Print all of the records. Exclude the images.

Input data below:

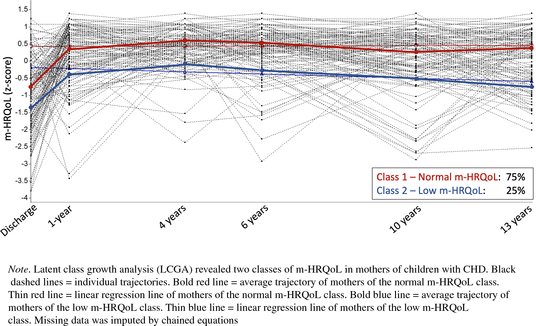 In this study, we investigated trajectories of psychological dimensions of HRQoL (i.e., mental HRQoL [m-HRQoL]) in mothers of children with CHD from hospital discharge after the first open-heart surgery until the children were 13 years of age. We further aimed to identify classes of maternal m-HRQoL trajectories and risk factors for low m-HRQoL over time.
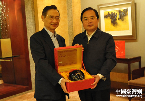 雙發(fā)互贈(zèng)禮物。(圖片來源:青島市臺(tái)辦)
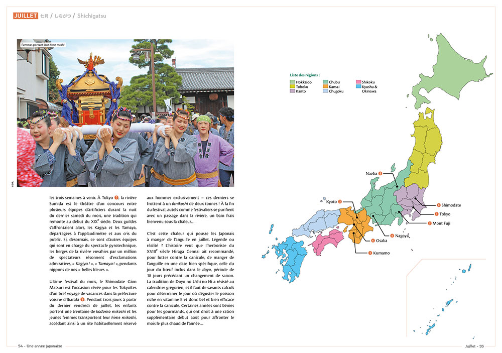 Des matsuri, il en existe des centaines. Par préfecture, par ville ou même par quartier, les fêtes traditionnelles japonaises ne cessent de rythmer la vie des Japonais au fil de l’année. Un article ne suffira jamais à faire le tour de la question, et nous vous encouragerons toujours à découvrir de nouvelles choses sur cette belle culture grâce, entre autres, à des lectures. Dans ce billet, c’est Une année japonaise des Éditions Ynnis qui nous a accompagné, et nous vous le conseillons bien évidemment puisque « clef de décryptage de la société japonaise, [Une année japonaise] peut également servir de complément aux guides des futurs voyageurs […]« . Un beau livre à se procurer autant pour apprendre que pour planifier sa prochaine visite au pays du Soleil-Levant.
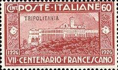 Visibility: public Image owner: none postage 4/12/1926 60c issue=St Francis of Assisi death 700th ovpt=TRIPOLITANIA oc=blk on=issuer=Italy-60c Crops No visible images cropped from this one. Measurements Resolution is unknown. Source Source name: Colnect File URL: http://i.colnect.net/b/1628/292/San-Francesco-overprinted.jpg Uploaded September 17, 2014, 12:21 am by Stan Shebs |
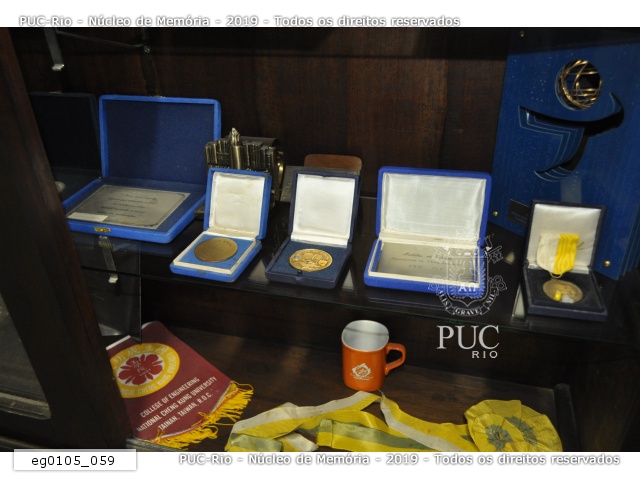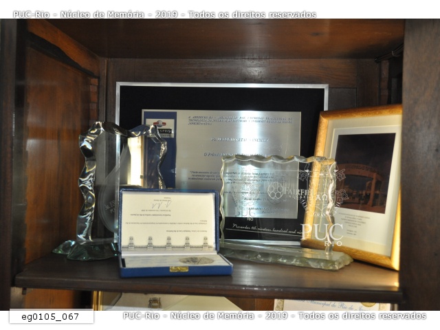 eg0105_050 | 11/1/2011 | Medalhas, esculturas, diplomas e troféu do armário da sala de entrada da reitoria recebidos de instituições de ensino superior e empresas ou confeccionados pela PUC-Rio. |

End of Input data.

Response below -
 In this study, we investigated trajectories of psychological dimensions of HRQoL (i.e., mental HRQoL [m-HRQoL]) in mothers of children with CHD from hospital discharge after the first open-heart surgery until the children were 13 years of age. We further aimed to identify classes of maternal m-HRQoL trajectories and risk factors for low m-HRQoL over time.
 雙發(fā)互贈(zèng)禮物。(圖片來源:青島市臺(tái)辦)
 Des matsuri, il en existe des centaines. Par préfecture, par ville ou même par quartier, les fêtes traditionnelles japonaises ne cessent de rythmer la vie des Japonais au fil de l’année. Un article ne suffira jamais à faire le tour de la question, et nous vous encouragerons toujours à découvrir de nouvelles choses sur cette belle culture grâce, entre autres, à des lectures. Dans ce billet, c’est Une année japonaise des Éditions Ynnis qui nous a accompagné, et nous vous le conseillons bien évidemment puisque « clef de décryptage de la société japonaise, [Une année japonaise] peut également servir de complément aux guides des futurs voyageurs […]« . Un beau livre à se procurer autant pour apprendre que pour planifier sa prochaine visite au pays du Soleil-Levant.
 Visibility: public Image owner: none postage 4/12/1926 60c issue=St Francis of Assisi death 700th ovpt=TRIPOLITANIA oc=blk on=issuer=Italy-60c Crops No visible images cropped from this one. Measurements Resolution is unknown. Source Source name: Colnect File URL: http://i.colnect.net/b/1628/292/San-Francesco-overprinted.jpg Uploaded September 17, 2014, 12:21 am by Stan Shebs |
 eg0105_050 | 11/1/2011 | Medalhas, esculturas, diplomas e troféu do armário da sala de entrada da reitoria recebidos de instituições de ensino superior e empresas ou confeccionados pela PUC-Rio. |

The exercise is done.